> [TASK ITEM]: Please return only the lines from the one holding "Visual Studio Code" through the one holding "Guess – Fixed", exactly as they appear in the records below, both ends included.
____ STORED DATA
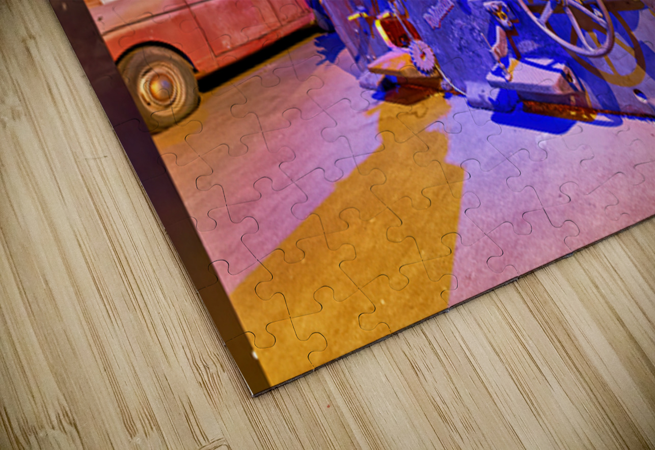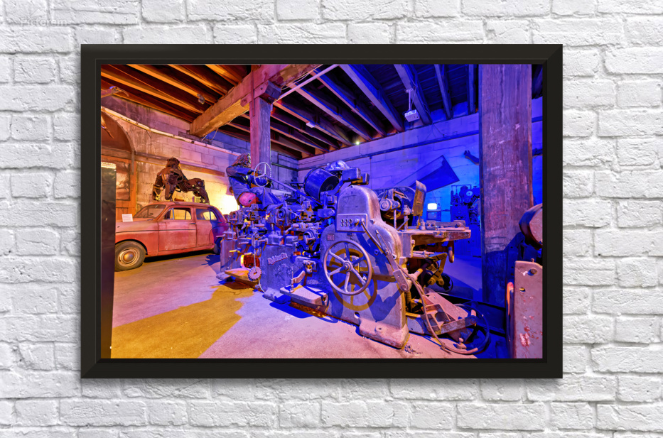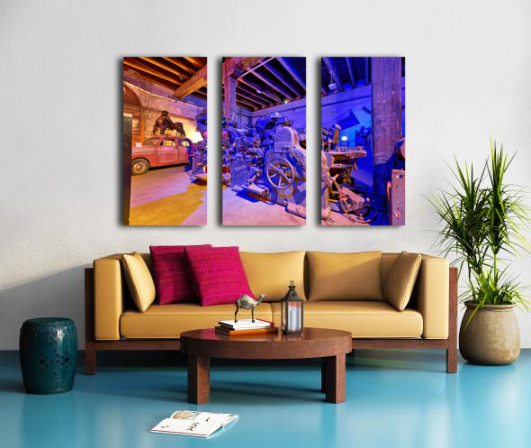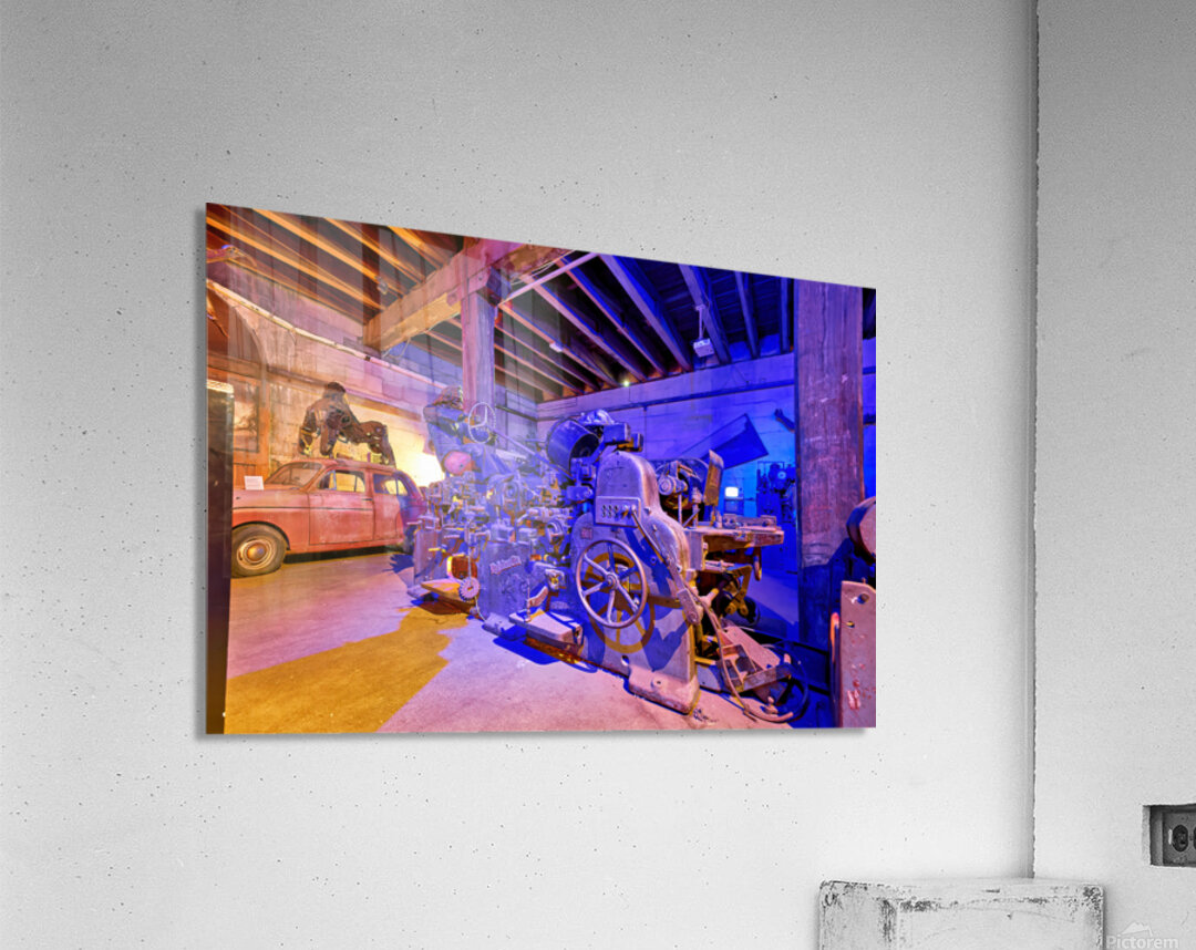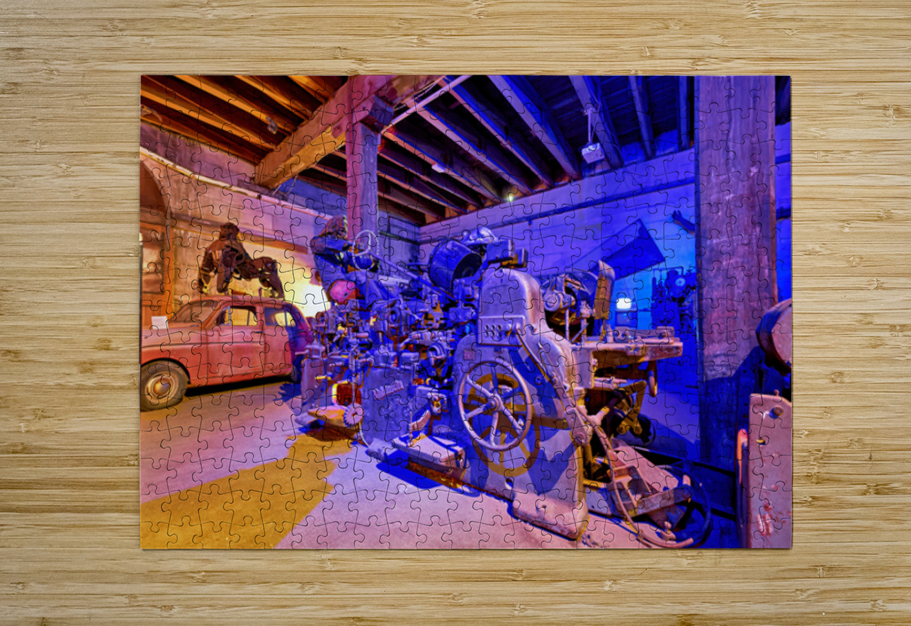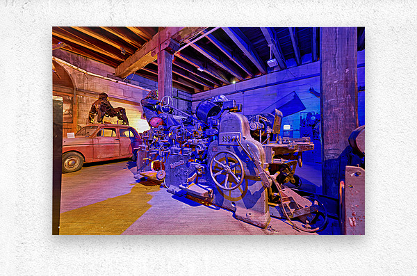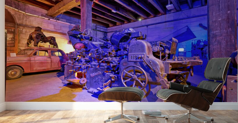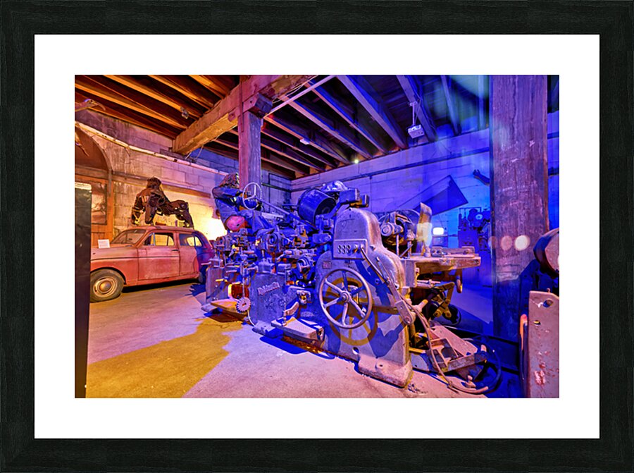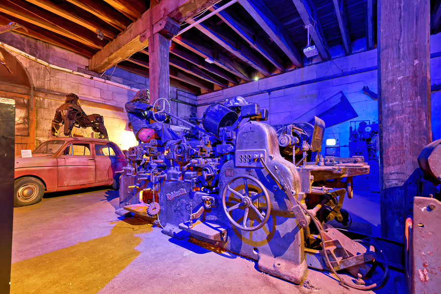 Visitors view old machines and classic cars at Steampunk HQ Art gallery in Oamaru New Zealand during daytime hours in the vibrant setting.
________
____ STORED DATA
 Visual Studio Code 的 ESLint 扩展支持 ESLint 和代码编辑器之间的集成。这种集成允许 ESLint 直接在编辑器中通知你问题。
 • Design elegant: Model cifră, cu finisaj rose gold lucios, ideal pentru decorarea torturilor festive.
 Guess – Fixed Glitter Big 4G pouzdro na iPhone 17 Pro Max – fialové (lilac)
________
> [WRITTEN REPLY]:
 Visual Studio Code 的 ESLint 扩展支持 ESLint 和代码编辑器之间的集成。这种集成允许 ESLint 直接在编辑器中通知你问题。
 • Design elegant: Model cifră, cu finisaj rose gold lucios, ideal pentru decorarea torturilor festive.
 Guess – Fixed Glitter Big 4G pouzdro na iPhone 17 Pro Max – fialové (lilac)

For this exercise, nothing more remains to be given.